Entries taken from a collection:
#####

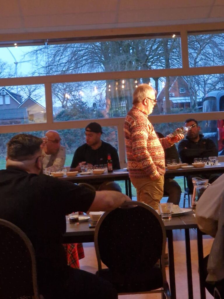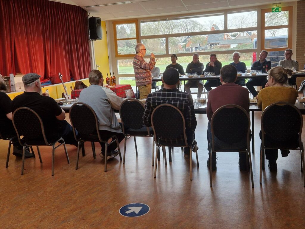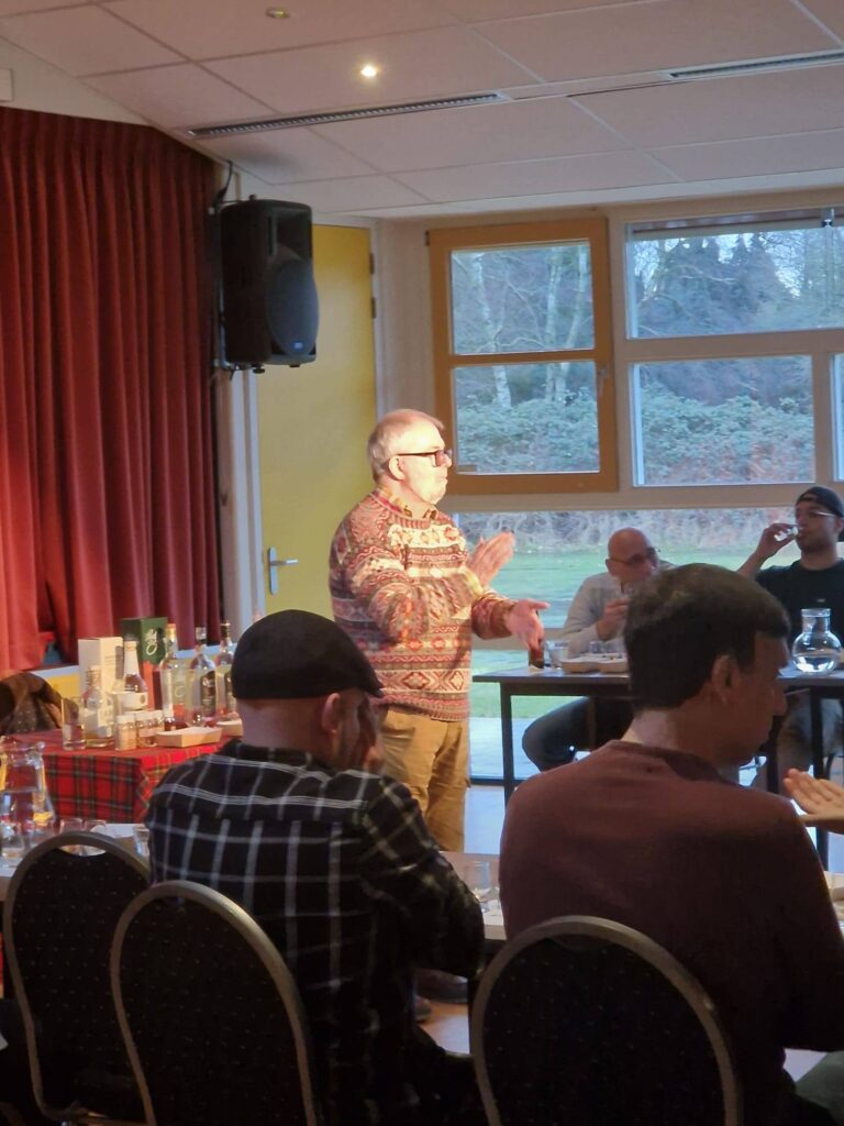 Wederom was Jock Shaw naar BV de viersprong gekomen om een interessante whisky proeverij te verzorgen. Een flinke opkomst was er zondagmiddag. Van Jock zijn we gewend dat na de toelichting van de desbetreffende whisky niet gestopt wordt met praten… Vele anekdotes, grappen en Schotse liedjes werden ten gehore gebracht door deze fantastische whisky kenner en ras entertainer! Uiteraard draait het om de whisky, maar de gezelligheid zorgt voor een prima sfeer en dat bepaalt uiteindelijk ook de beleving van de gast. Tijdens de proeverij zijn de volgende whiskys aan bod gekomen: Lambay Irisch Single Grain Kanasuke Japanese Sinle Malt Sochsu vaten Paul John Indian Sinle malt Portvat Coopers Choice Tamdhu Golden Cut Marsala Coopers Choice Bunnahadhain Port Finish Coopers C Golden Cut Croftengea Heavy peat We kunnen terugkijken op een zeer geslaagde proeverij met een prachtige balans tussen de smaken van de de verschillende soorten. Toegankelijk, krachtig, kruidig en flink geturfd. Via deze weg onze dank aan Jock voor de geweldige presentatie en alle aanwezige proevers voor de gezelligheid en leuke gesprekken. Er komt weer een nieuwe proverij in de agenda te staan!
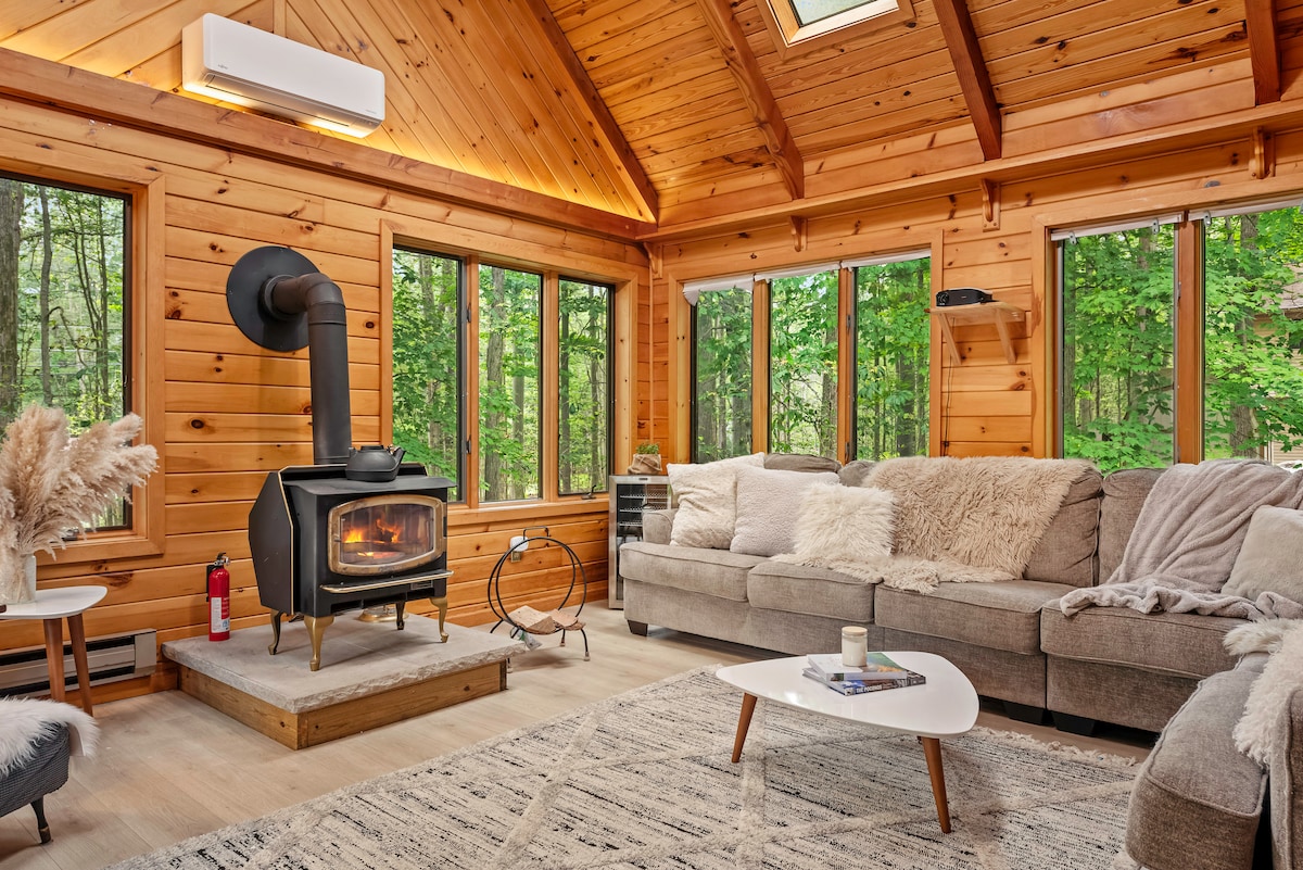Un impresionante chalet idealmente situado en las montañas Pocono. ¡Tu destino para una escapada de fin de semana o una estancia más larga durante todo el año! En el exterior se puede disfrutar de un entorno natural en una hermosa propiedad arbolada privada de 1 acre, jacuzzi, dos fogatas, una terraza para el café de la mañana o una deliciosa barbacoa. Nuestro alojamiento ofrece un ambiente interior tranquilo y está convenientemente ubicado cerca de todas las actividades de temporada de las montañas Pocono. Tanto si quieres relajarte como recargar energías, nuestro alojamiento es el refugio perfecto.
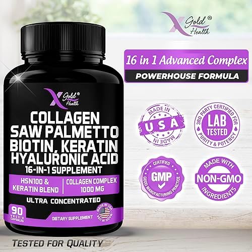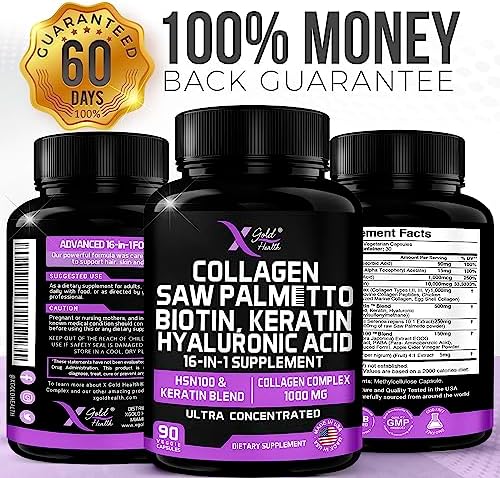 Collagen, Saw Palmetto, Biotin, Keratin, Keratin & Hyaluronic Acid – 16-in-1 Beauty Supplement with Vitamin C & E, Collagen Complex, Keratin Blend & HSN100 – Hair, Skin & Nail Growth – 90 Capsules
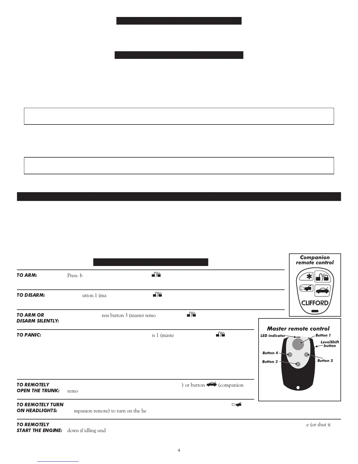 Press button 1 (master remote) or button (companion remote). Upon disarming: one chirp, one
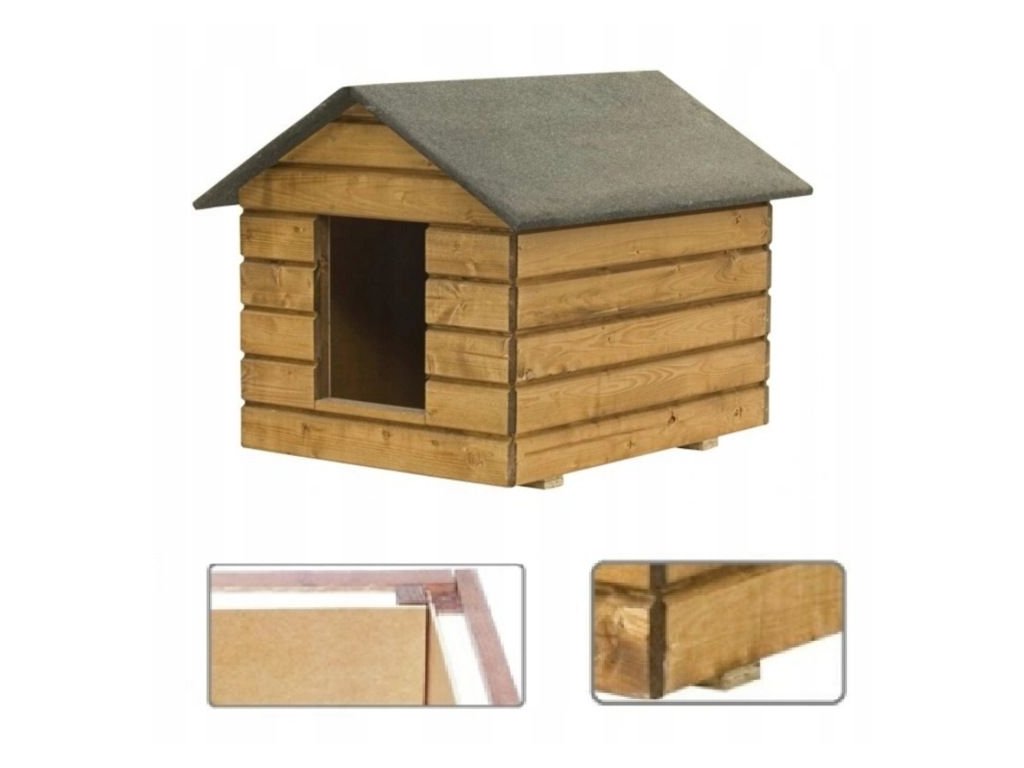Naše zateplená psí bouda MM je perfektní útočiště pro vašeho malého mazlíčka. Vyrobená z vysoce kvalitního borovicového dřeva, spojeného pero-drážkou, s prkny o tloušťce 18-20 mm, zajišťuje trvanlivost a odolnost vůči povětrnostním vlivům. Bitumenová střecha účinně chrání interiér před deštěm a sněhem. Interiér boudy je zateplený 2cm vrstvou polystyrenu a chráněn 3mm HDF deskou, což poskytuje teplo a pohodlí. Vyvýšená podlaha na trámech zajišťuje suchost a tepelnou izolaci. Bouda je dodávána jako stavebnice s jednoduchými komponenty pro snadnou montáž, včetně šroubů a jasných instrukcí. Celá konstrukce je natřena metodou ponoru, což chrání před vlhkostí a udržuje boudu v dobrém stavu, standardně v teakové barvě.

#####

Instructions for the task:
Above are some entries; copy exactly the lines from the line with "Collagen, Saw Palmetto, Biotin, Keratin, Keratin" through the line with "Press button 1", both included, but none of the pictures.

Output for this exercise:
 Collagen, Saw Palmetto, Biotin, Keratin, Keratin & Hyaluronic Acid – 16-in-1 Beauty Supplement with Vitamin C & E, Collagen Complex, Keratin Blend & HSN100 – Hair, Skin & Nail Growth – 90 Capsules
 Press button 1 (master remote) or button (companion remote). Upon disarming: one chirp, one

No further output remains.